Additional deltas discovered by go-to-market resurvey
- Claude (Anthropic) — Hosted UI, Durable Artefact Egress:
V1 ✗ → V2 ✅ Basis: vendor documentation now states Claude can create/edit downloadable files (e.g., spreadsheets, presentations, documents, PDFs) in conversation on paid plans.
- Gemini (Google) — Hosted UI, Durable Artefact Egress:
V1 ✗ → V2 ❓ Basis: vendor documentation supports exporting responses to Workspace targets (e.g., Google Docs).
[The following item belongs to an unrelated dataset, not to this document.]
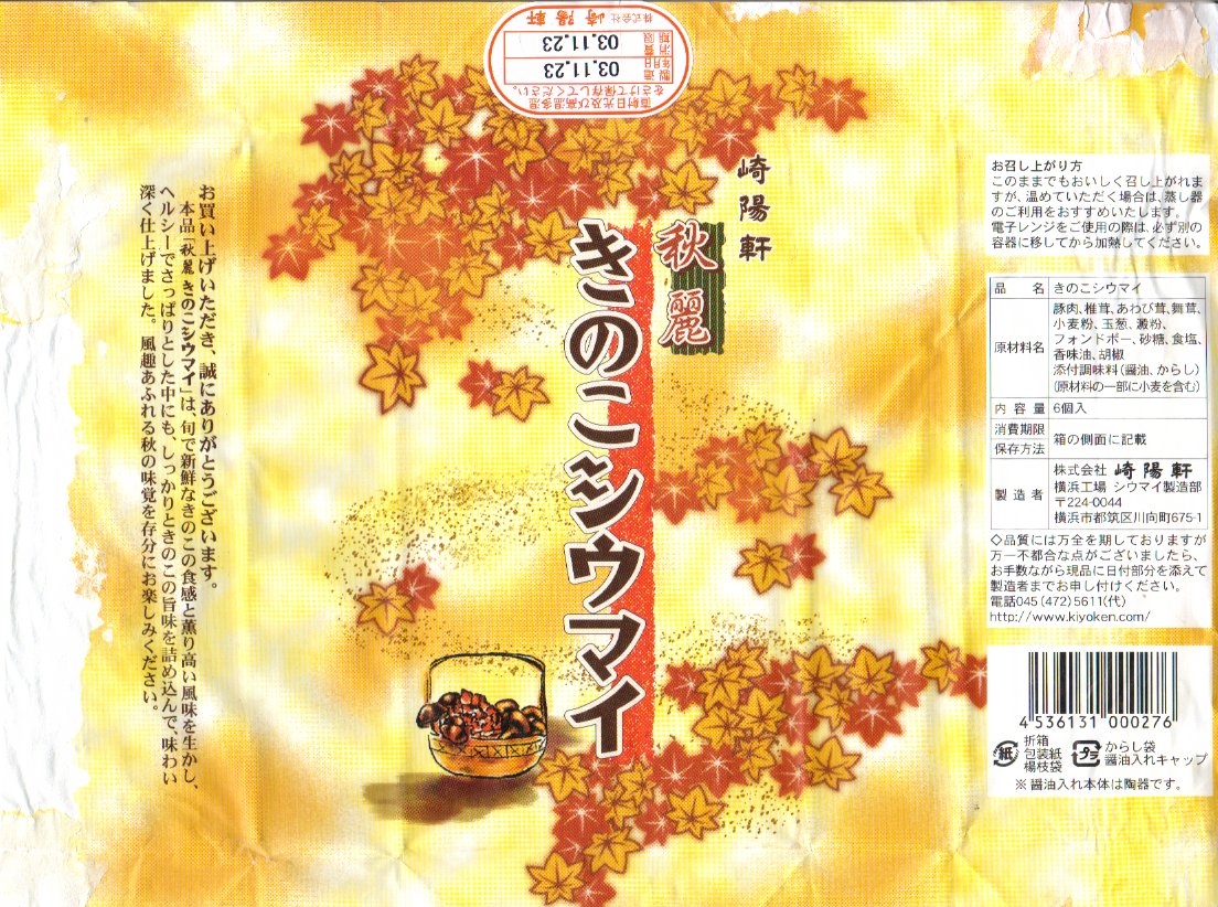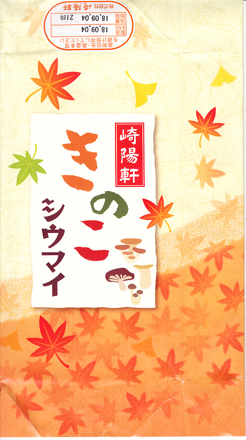 2003(平成15)年10月3日から12月20日頃まで販売された、季節限定の特製シウマイの第二弾。なお、第一弾は2003年7月27日から9月30日まで販売された「涼味いかシウマイ(550円)」。容器を開封しても感じないが、食べると舞茸や椎茸の味と食感と香りが一杯に広がるシウマイが6個、醤油入れ「ひょうちゃん」とともに入っている。

This is durable emission for certain outputs, but does not, on its own, establish general durable artefact emission as a guaranteed primitive across CM artefact forms; classified as conditional/limited pending explicit artefact-level guarantees.
All other cells carry forward from V1 (no regression evidence found; no speculative downgrades applied).
IX. Notes
- ↑ Curator Note (2026-01-03T06:27Z): a new survey was conducted after the regression was addressed in ChatGPT; the result shows ChatGPT is now fully compliant with the CM invariants used in this survey. (Source: publication header and curator note.)
- ↑ Chrome/desktop historical instability: file uploads intermittently timed out before ingestion and required repeated attempts; iOS did not. Record as a note; do not downgrade capability classification on that basis.
- ↑ Embedded eligibility clarification: SaaS systems MAY be considered eligible for embedded/on-site hosting under conditions where a curator-controlled, trained corpus is available and sufficiently general to support reasoning under governance. This note clarifies eligibility; it does not, by itself, prove current deployability.